From within the table, you can also edit the rule associated to the alert and dismiss the alert. Dismissing an alert will stop the alert from running until its the next evaluation has results.
Rule Evaluation History
You can also view the history of rule evaluations whether they've created an alert or not. When you click into a rule from the Rules page, the Evaluation History tab will show you the following information:
- The results of the query(ies) associated with the rule configuration, as well as the evaluation duration.

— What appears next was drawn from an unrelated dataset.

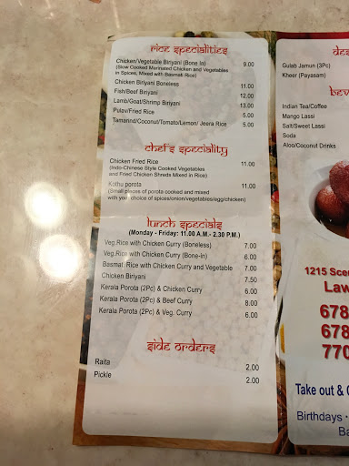 The décor could be better, but the food is exceptional! They have beef cutlets & curry, which are hard to come by in Indian restaurants. Their parotta is also straight Kerala style. Never thought Id see this in GA! Repeat customer.
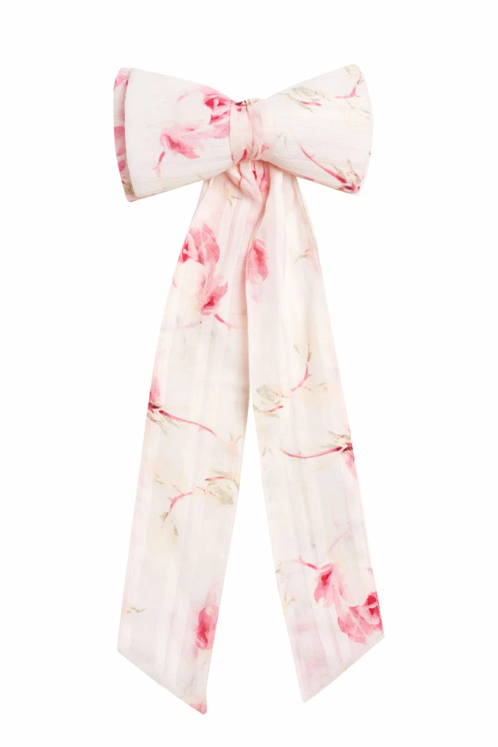 Our Lorna Barrette adds a girlish twist in silky viscose with a hand-painted print and a gold clip. This classic barrette features a smaller bow layered atop a larger one with diagonally cut ribbon peeking from beneath. Shown here in Cherry Soda.

- If there were new entities found compared to the rule's last successful evaluation, you can toggle to view only the new entities. Note that if the query has changed between evaluation runs, the results may all be considered new.
- Whether the condition to proceed to running actions was met.
- The default condition on a rule is met when the number of the first query's results is greater than 0.
- The actions that were taken, if any, and the status of those actions.
- If there were action failures, there are logs to help troubleshoot the issue.